Signs of Heroin Addiction

Heroin addiction is difficult to hide. A person often seems to go through a complete personality change as everything they once cared for or prioritized takes a backseat to their drug habit. Heroin can have physical effects, as well, especially with long-term use. If you’re concerned about a loved one, watch for some of these signs, and be sure to seek help immediately from a heroin addiction treatment center if you think their behavior is pointing toward heroin addiction.

  • Drowsiness
  • Difficulty focusing
  • Shortness of breath
  • Track marks at injection sites
  • Unexplained financial difficulty
  • Legal trouble
  • Insomnia
  • Sensitivity to pain
  • Loss of interest in usual activities
  • Lying or secrecy about whereabouts
  • Using drug-related slang
  • Presence of drug paraphernalia (needles, balloons, pipes or baggies)
  • Flu-like symptoms
  • Depression, anxiety or general irritability

The best way to find out if heroin is a problem in your life or the life of a loved one is to talk to a healthcare provider. A doctor, mental health professional, addiction specialist or counselor can connect you with the right resources to get the help you need.

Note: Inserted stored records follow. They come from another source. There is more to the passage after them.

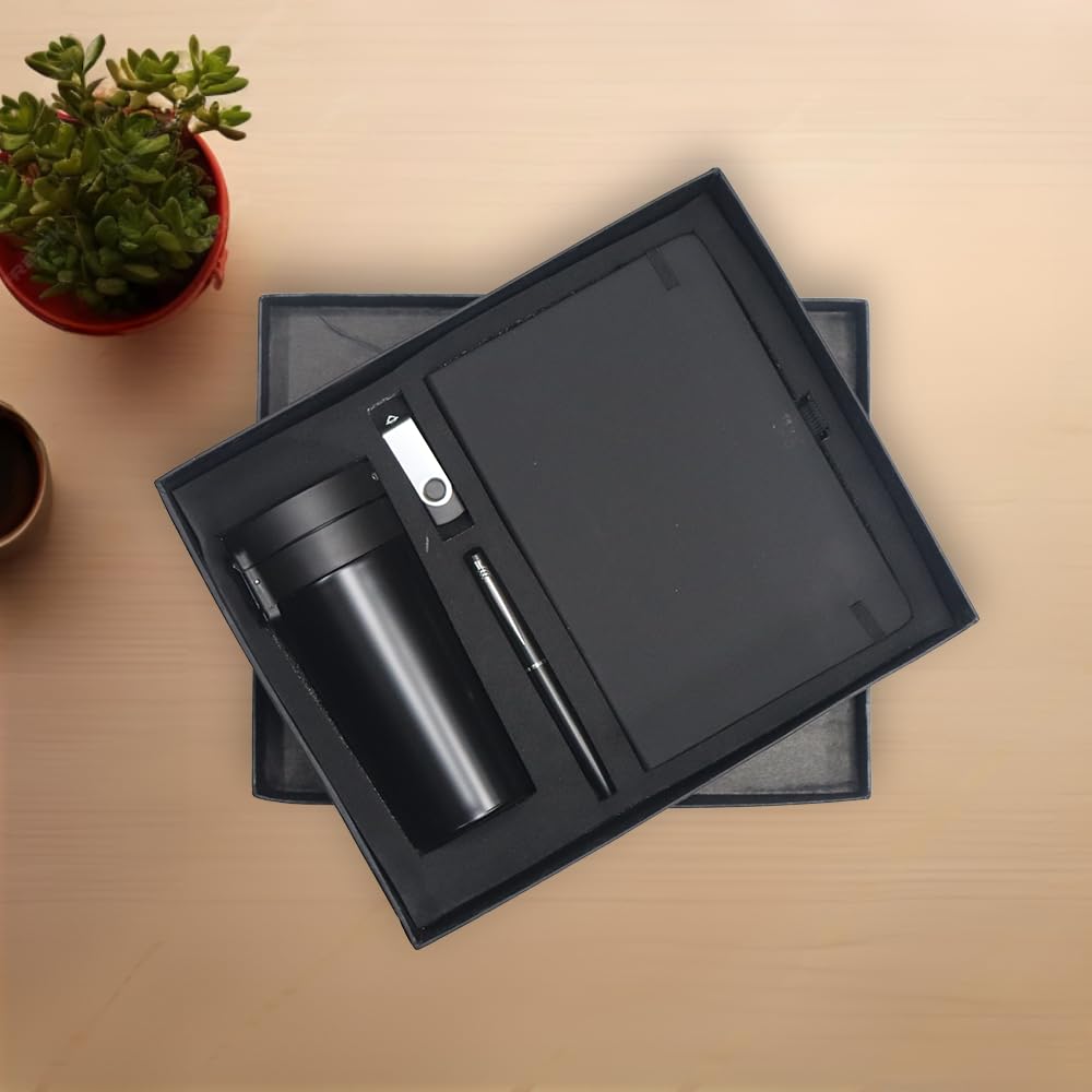 A thoughtfully curated executive gift set featuring an insulated coffee mug to keep beverages hot or cold, a smooth-writing pen, a handy pen drive for data storage, and a premium diary. Perfect for professionals, this set combines practicality, style, and convenience — an ideal token of appreciation for employees, clients, and business partners.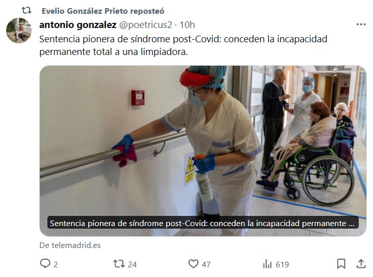 Sentencia pionera de síndrome post-Covid: conceden la incapacidad permanente total a una limpiadora Posted on enero 25, 2024 por coronado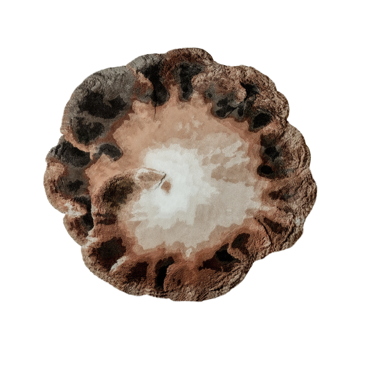 The name of the collection is M-SHWY (pronounced MS Highway), which is an acronym for Mycorrhizal Super Highway (or more simply — mushroom superhighway). Mary Lennox Studio wanted to show a bird's eye view of the oyster mushroom. This rug is made of CHLOE quality — soft New Zealand wool combined with shiny Tencel Lyocell fibers that give the rugs a subtle sheen.

Heroin Addiction Treatment Center in Laguna Beach

At Oceanfront Recovery, our heroin addiction treatment center can save your life or the life of your loved one. We are here to help you at every step of the recovery process from detox to your transition into independent living and beyond. Our heroin addiction rehab program enables you to get safely through physical withdrawal symptoms with medically monitored detox and moves on to address the painful psychological issues that first brought on your addiction through individualized and holistic therapies. When we treat your addiction by reaching to the root of the problem, we know that you will never need to use heroin to cope with your difficulties again.

Oceanfront Recovery also specializes in treating dual diagnoses of both addiction and underlying mental health disorders. Our California mental health therapists and counselors are qualified to address and treat both of these factors to help you create the ideal heroin treatment plan for your needs.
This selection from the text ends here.